* **WORK REQUEST**:
Below is a listing to write out in full, exactly as given, without its pictures.
--- DATA PROVIDED Enclosed Below ---
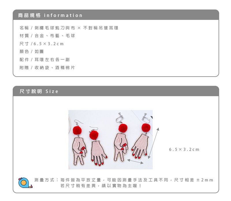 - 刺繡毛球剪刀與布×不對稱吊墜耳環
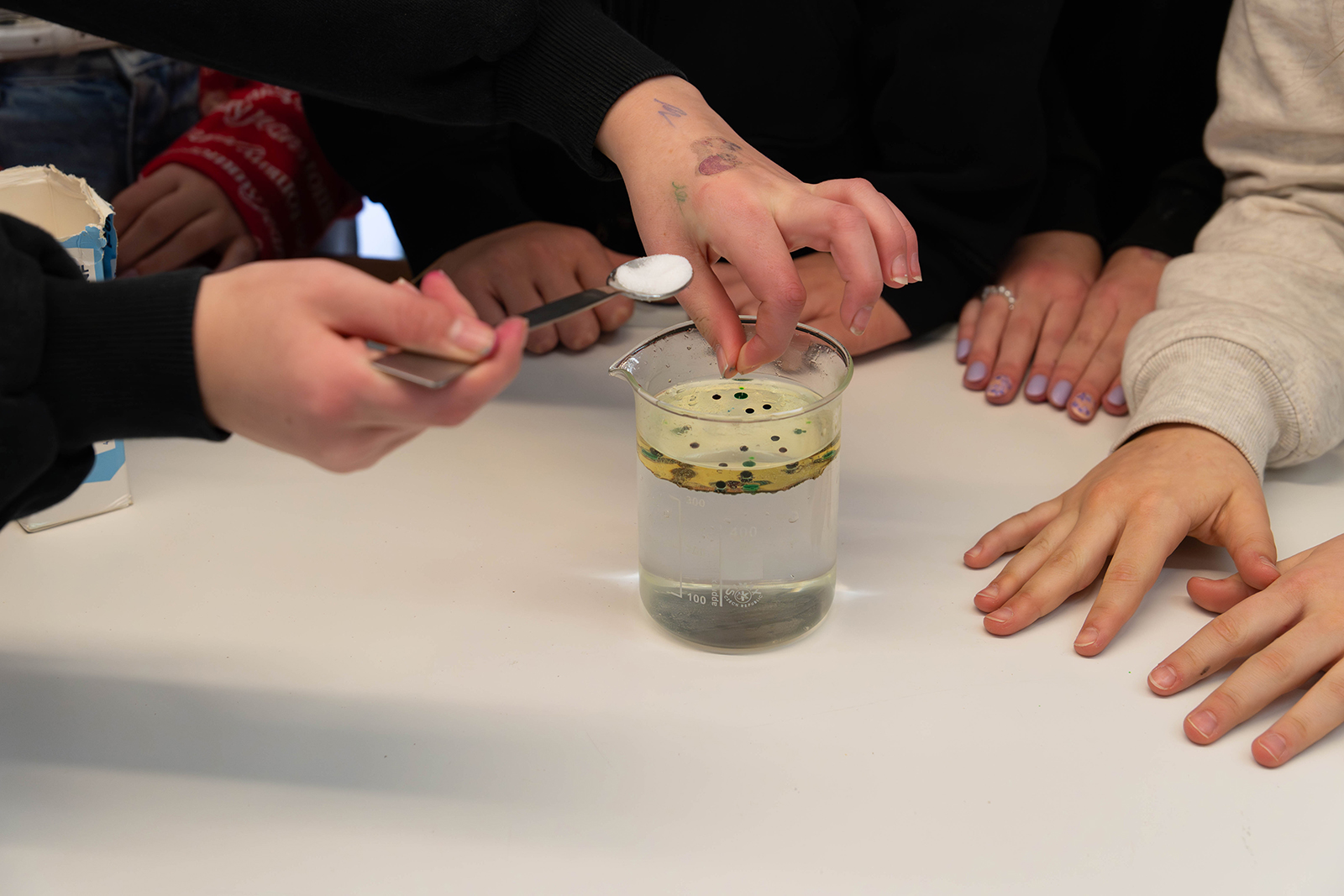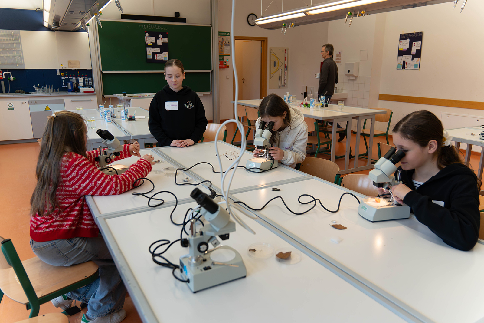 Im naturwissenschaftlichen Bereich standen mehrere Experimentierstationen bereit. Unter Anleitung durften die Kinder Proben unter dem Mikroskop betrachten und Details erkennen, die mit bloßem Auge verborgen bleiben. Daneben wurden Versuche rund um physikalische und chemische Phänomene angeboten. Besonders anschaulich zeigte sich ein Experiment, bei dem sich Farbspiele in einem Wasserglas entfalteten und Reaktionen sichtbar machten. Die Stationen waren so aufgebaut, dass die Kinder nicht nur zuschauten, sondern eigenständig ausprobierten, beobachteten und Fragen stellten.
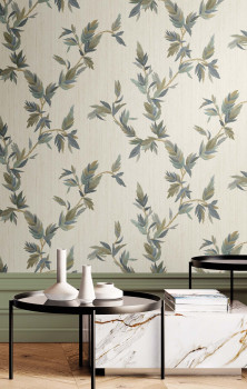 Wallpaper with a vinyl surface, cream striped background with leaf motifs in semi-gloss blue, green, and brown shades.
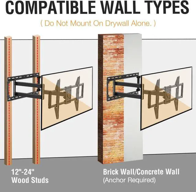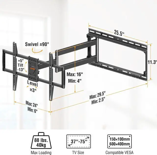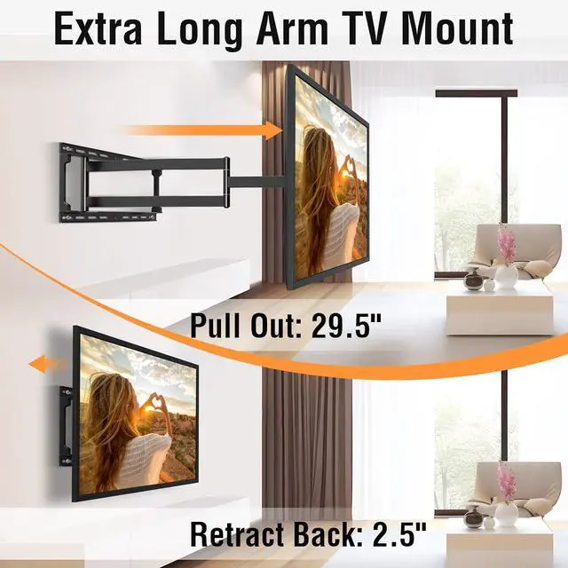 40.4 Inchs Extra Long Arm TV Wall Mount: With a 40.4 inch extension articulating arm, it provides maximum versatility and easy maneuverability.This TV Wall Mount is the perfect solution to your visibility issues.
--- End of Enclosed DATA PROVIDED ---
* **ANSWER SPACE**:
 - 刺繡毛球剪刀與布×不對稱吊墜耳環
 Im naturwissenschaftlichen Bereich standen mehrere Experimentierstationen bereit. Unter Anleitung durften die Kinder Proben unter dem Mikroskop betrachten und Details erkennen, die mit bloßem Auge verborgen bleiben. Daneben wurden Versuche rund um physikalische und chemische Phänomene angeboten. Besonders anschaulich zeigte sich ein Experiment, bei dem sich Farbspiele in einem Wasserglas entfalteten und Reaktionen sichtbar machten. Die Stationen waren so aufgebaut, dass die Kinder nicht nur zuschauten, sondern eigenständig ausprobierten, beobachteten und Fragen stellten.
 Wallpaper with a vinyl surface, cream striped background with leaf motifs in semi-gloss blue, green, and brown shades.
 40.4 Inchs Extra Long Arm TV Wall Mount: With a 40.4 inch extension articulating arm, it provides maximum versatility and easy maneuverability.This TV Wall Mount is the perfect solution to your visibility issues.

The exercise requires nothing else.